The viewers of the film “Nashville” are exposed to scenes that include corruption in American politics and show-business, racism, sexism, and extreme violence. Most films in Hollywood ‘are easy to forget’ and as well as their messages. On the contrary, “Nashville” and all of Altman’s films are not easy to forget, precisely because they renegotiate the Americans’ detachments and attachments to American culture. All these themes are portrayed in a very realistic and documentary-like way; this reinforces the sense of truthfulness. Altman’s strongest point of the film is that show-business people and politicians are indistinguishable from each other.

Altman shows the problems of America, its heroes and its villains. He tries to warn and alert the people of America that something has gone wrong along the way. Through his masterpiece, viewers are carried in a journey of music and politics, and of people’s stories. It glorifies and disparages America. In times of troubles and wars he tries to show in what state American society is and where it’s heading too. The ending montage of arbitrary people of Nashville singing along with the new star Albuquerque the song “It don’t worry me” allows the viewer to link the words of the song with the people singing it. Parents, young kids, teenagers, old people are singing along. The song never actually ends, but the sound fades out and the camera pans to the sky in an indication of reflection and continuance of the situation.

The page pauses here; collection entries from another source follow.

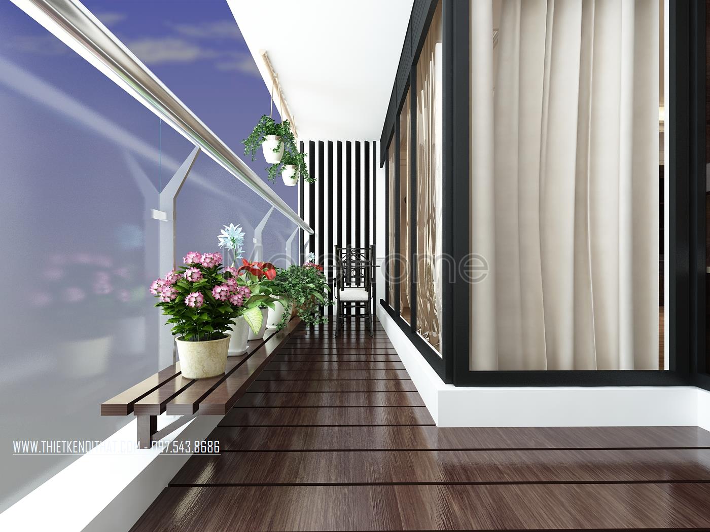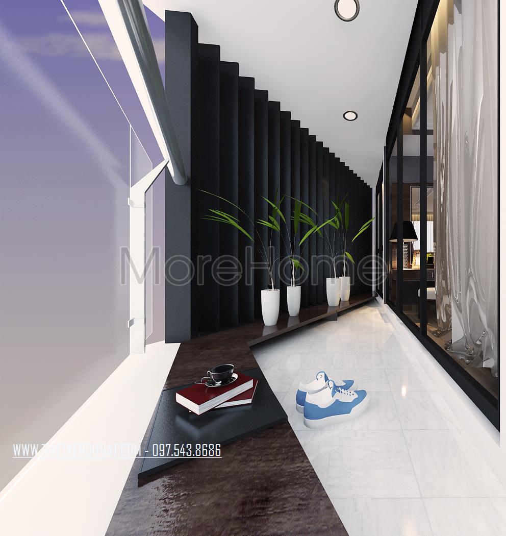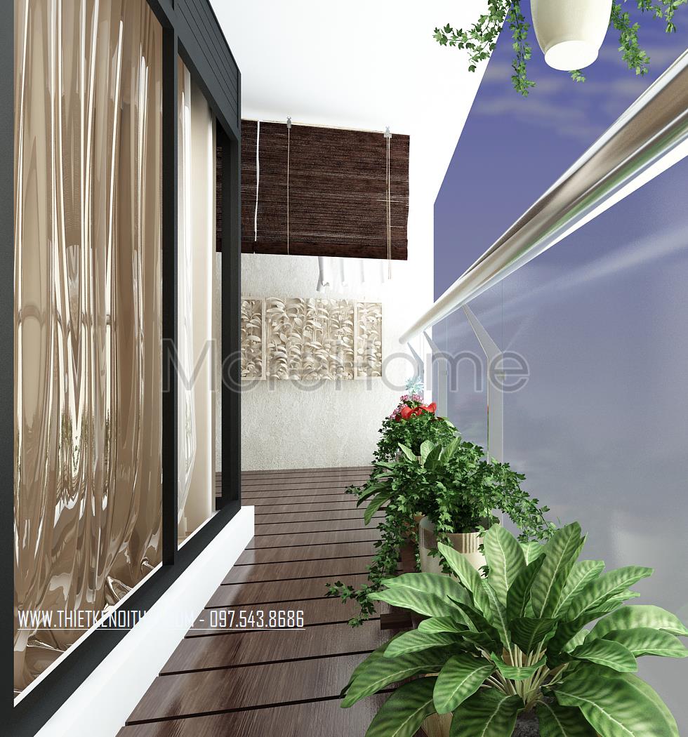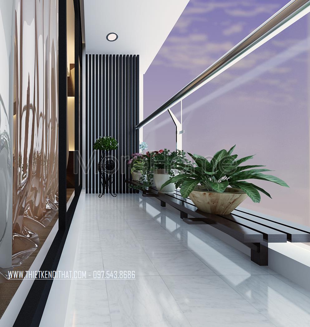 Phần không gian hành lang mới thực sự là điểm ấn tượng khi kiến trúc sư đã tận dụng chi tiết này làm nổi bật lên sự thư giãn, đem lại cảm giác một mái ấm thực thụ. Tại đây đặt những chậu hoa xinh xắn để mỗi khi gia chủ mệt mỏi hay muốn tận hưởng khung cảnh bên ngoài đều cảm thấy thích thú và vui vẻ. Ở đây cũng sử dụng sàn gỗ để tạo sự đồng nhất với tổng thể căn nhà nhưng mang màu nâu đất để hài hòa với thiên nhiên với những chậu cây gần đó.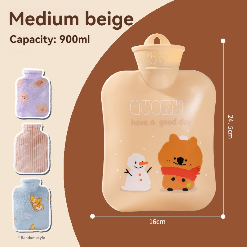New Hot Compress Bag with Plush Cloth Water Filling Bag Dysmenorrhea Stomach Warm Water Bag
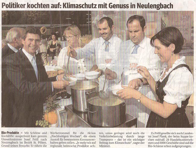 Umweltminister Josef Pröll rührte die Werbetrommel für die Aktion "Nachhaltigen Wochen", die einen Anstoß für bewussteres Konsumverhalten geben soll. Ziel: Es ist wichtig auf regionale heimische Produkte zu achten, denn umso geringer ist die Verkehrsbelastung durch lange Transporte. Insgesamt unterstützen bereits 28 Handelsunternehmen und 8000 Geschäfte diese Bio-Schiene.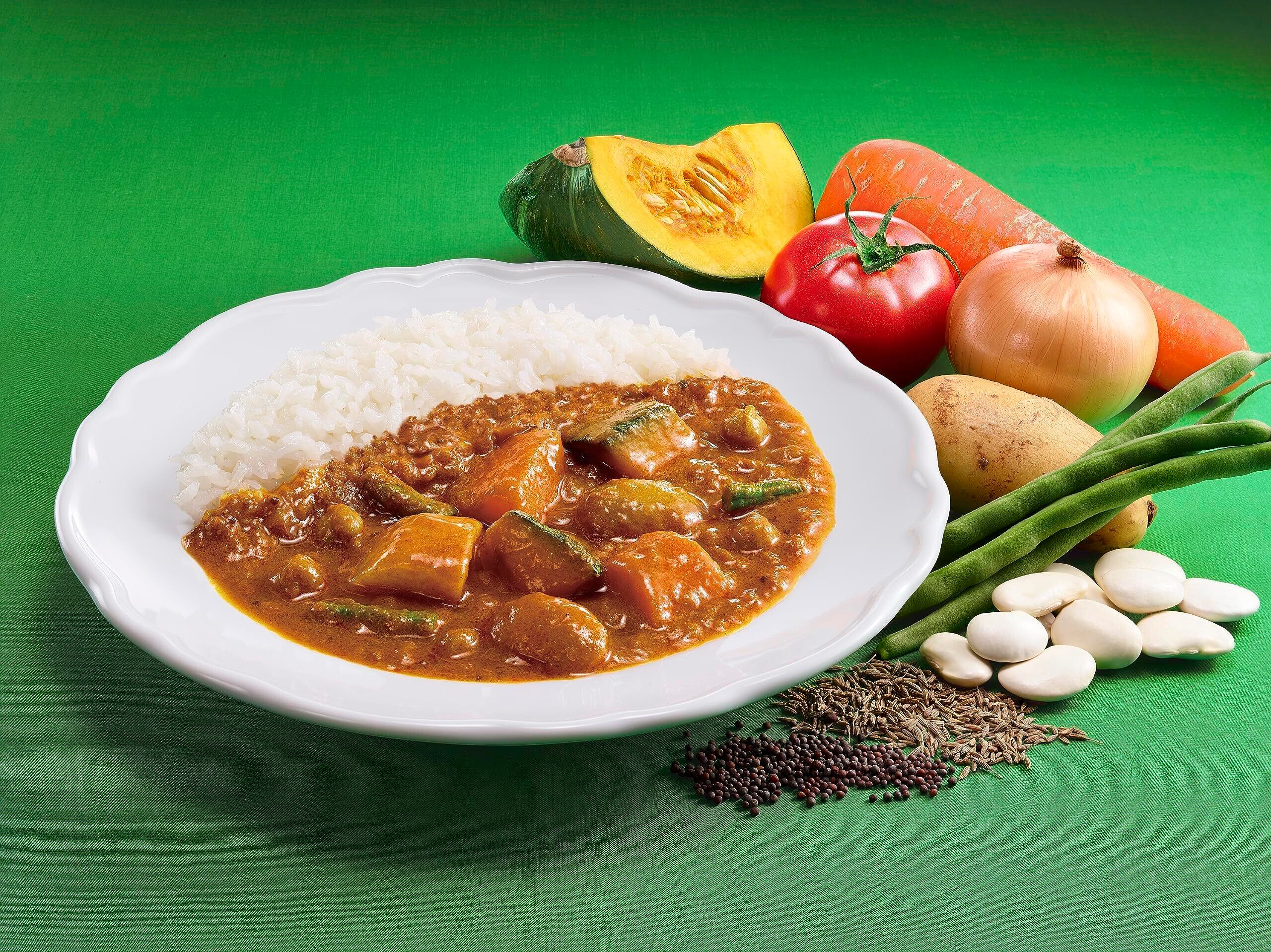 食べごたえのある大きくカットしたかぼちゃ、じゃがいも、にんじん、豆の女王「白花豆」など6種のたっぷり具材。スパイス3段仕込み製法で仕上げた芳醇な香リと、野菜から溶け出す自然で濃厚な甘みと旨みがコク深いベジタブルカリーです。レンジ調理できるようになりました。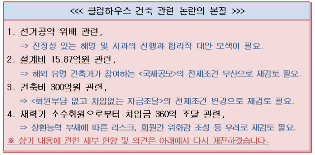 맞는 합리적이고 가성비 높은 클럽하우스 건축 관련 계획을 다시 수립해 주실 것을 부탁드립니다.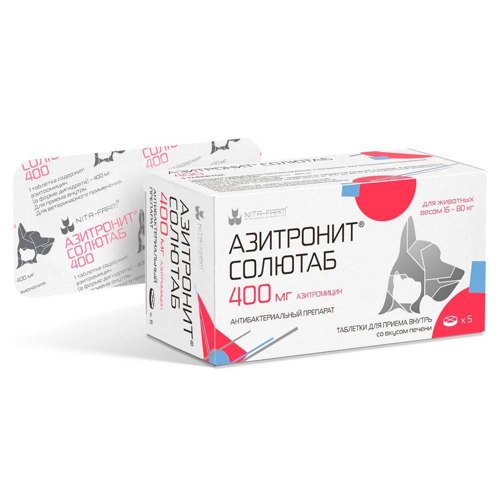 Азитронит® Солютаб применяют кошкам и собакам для лечения бактериальных инфекций органов дыхания, мочеполовой системы, инфекций кожи и мягких тканей, а также инфекций, вызываемых микроорганизмами, чувствительными к азитромицину.

“Nashville” is nothing more than a political campaign with an entertainment value. All the themes that are explored in the film, portrayed in the unique fashion and structure of Robert Altman’s directorial signature are simply life itself. As Altman says in one of his interviews it is just a way of melding a whole view, his view, of that political climate in America of 1975. Instant success, violence, women in despair, war, loneliness. As a conclusion for what the film truly asks from the viewer I quote Gibley from his book “It don’t worry me”:

‘The movie’s yours: free your mind; renounce your Old Hollywood ways’.